DATA RECORDS Block Start
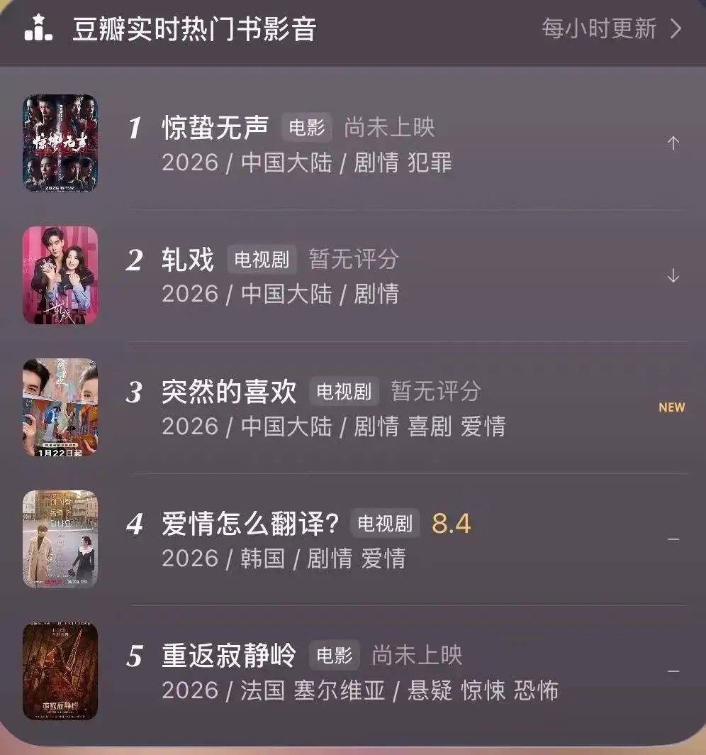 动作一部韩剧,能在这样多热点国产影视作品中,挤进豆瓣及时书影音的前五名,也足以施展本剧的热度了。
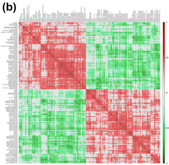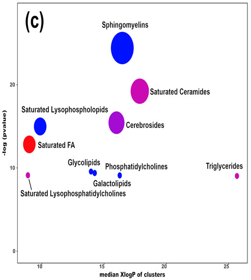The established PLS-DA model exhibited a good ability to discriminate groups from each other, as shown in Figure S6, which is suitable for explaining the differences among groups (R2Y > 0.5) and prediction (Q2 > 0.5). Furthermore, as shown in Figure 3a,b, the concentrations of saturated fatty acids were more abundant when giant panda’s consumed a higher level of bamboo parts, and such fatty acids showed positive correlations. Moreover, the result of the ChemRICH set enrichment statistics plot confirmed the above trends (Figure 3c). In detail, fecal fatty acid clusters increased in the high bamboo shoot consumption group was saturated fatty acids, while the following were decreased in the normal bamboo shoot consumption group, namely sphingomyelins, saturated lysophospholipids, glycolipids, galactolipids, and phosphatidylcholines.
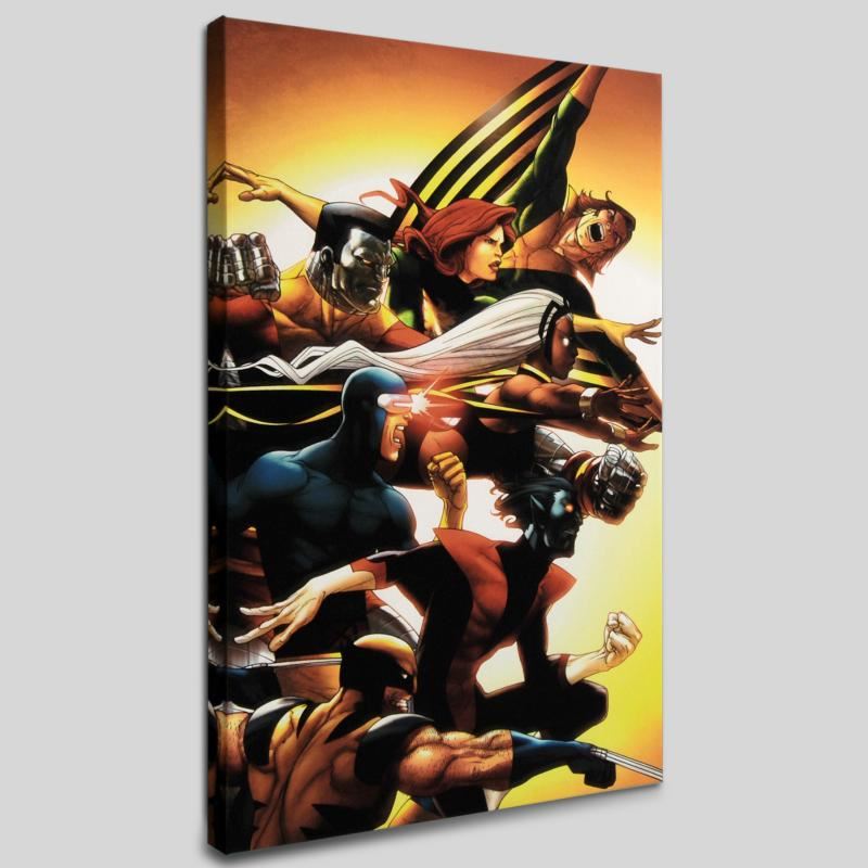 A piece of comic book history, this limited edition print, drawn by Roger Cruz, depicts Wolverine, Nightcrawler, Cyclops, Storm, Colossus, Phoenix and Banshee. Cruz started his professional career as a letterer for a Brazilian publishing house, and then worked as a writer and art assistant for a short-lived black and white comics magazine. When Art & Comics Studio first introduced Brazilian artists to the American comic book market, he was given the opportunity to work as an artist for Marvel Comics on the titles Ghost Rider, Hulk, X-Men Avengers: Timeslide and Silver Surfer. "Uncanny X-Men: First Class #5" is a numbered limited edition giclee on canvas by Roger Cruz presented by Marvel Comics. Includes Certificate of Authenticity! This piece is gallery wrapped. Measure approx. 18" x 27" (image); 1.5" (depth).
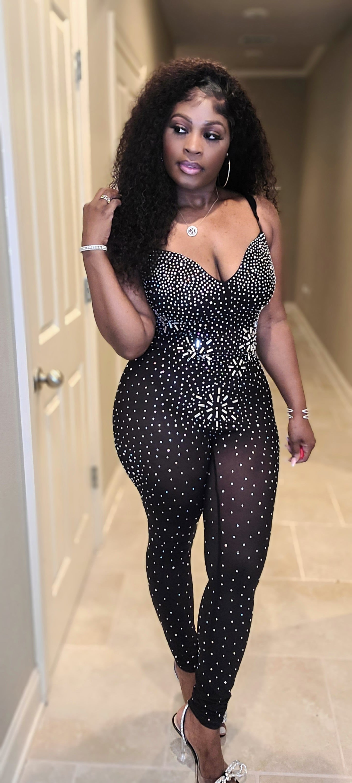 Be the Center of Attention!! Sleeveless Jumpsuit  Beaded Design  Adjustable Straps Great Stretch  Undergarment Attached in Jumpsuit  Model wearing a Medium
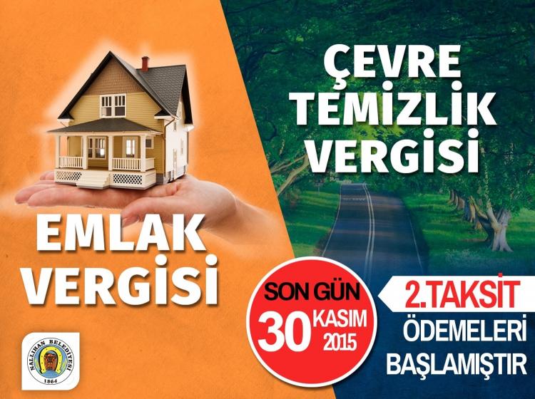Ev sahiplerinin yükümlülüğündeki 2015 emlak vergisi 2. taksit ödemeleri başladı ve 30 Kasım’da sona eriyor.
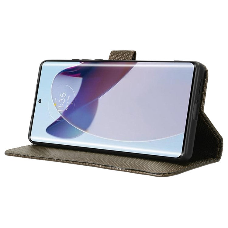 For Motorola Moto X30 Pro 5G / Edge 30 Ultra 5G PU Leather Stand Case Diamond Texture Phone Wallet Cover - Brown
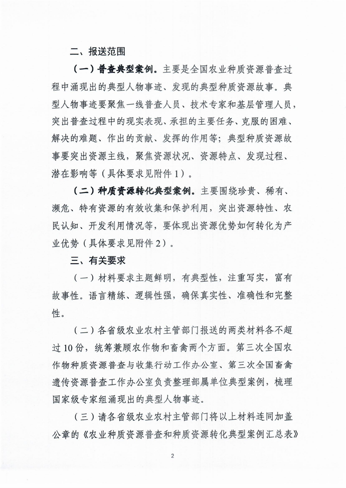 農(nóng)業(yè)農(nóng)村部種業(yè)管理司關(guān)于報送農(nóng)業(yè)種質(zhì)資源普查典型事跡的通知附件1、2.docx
DATA RECORDS Block End
▸ **WHAT TO DO**:
Pictures aside, every entry above must be repeated exactly.

▸ **OUTPUT OF THE TASK**:
 动作一部韩剧,能在这样多热点国产影视作品中,挤进豆瓣及时书影音的前五名,也足以施展本剧的热度了。
The established PLS-DA model exhibited a good ability to discriminate groups from each other, as shown in Figure S6, which is suitable for explaining the differences among groups (R2Y > 0.5) and prediction (Q2 > 0.5). Furthermore, as shown in Figure 3a,b, the concentrations of saturated fatty acids were more abundant when giant panda’s consumed a higher level of bamboo parts, and such fatty acids showed positive correlations. Moreover, the result of the ChemRICH set enrichment statistics plot confirmed the above trends (Figure 3c). In detail, fecal fatty acid clusters increased in the high bamboo shoot consumption group was saturated fatty acids, while the following were decreased in the normal bamboo shoot consumption group, namely sphingomyelins, saturated lysophospholipids, glycolipids, galactolipids, and phosphatidylcholines.
 A piece of comic book history, this limited edition print, drawn by Roger Cruz, depicts Wolverine, Nightcrawler, Cyclops, Storm, Colossus, Phoenix and Banshee. Cruz started his professional career as a letterer for a Brazilian publishing house, and then worked as a writer and art assistant for a short-lived black and white comics magazine. When Art & Comics Studio first introduced Brazilian artists to the American comic book market, he was given the opportunity to work as an artist for Marvel Comics on the titles Ghost Rider, Hulk, X-Men Avengers: Timeslide and Silver Surfer. "Uncanny X-Men: First Class #5" is a numbered limited edition giclee on canvas by Roger Cruz presented by Marvel Comics. Includes Certificate of Authenticity! This piece is gallery wrapped. Measure approx. 18" x 27" (image); 1.5" (depth).
 Be the Center of Attention!! Sleeveless Jumpsuit  Beaded Design  Adjustable Straps Great Stretch  Undergarment Attached in Jumpsuit  Model wearing a Medium
Ev sahiplerinin yükümlülüğündeki 2015 emlak vergisi 2. taksit ödemeleri başladı ve 30 Kasım’da sona eriyor.
 For Motorola Moto X30 Pro 5G / Edge 30 Ultra 5G PU Leather Stand Case Diamond Texture Phone Wallet Cover - Brown
 農(nóng)業(yè)農(nóng)村部種業(yè)管理司關(guān)于報送農(nóng)業(yè)種質(zhì)資源普查典型事跡的通知附件1、2.docx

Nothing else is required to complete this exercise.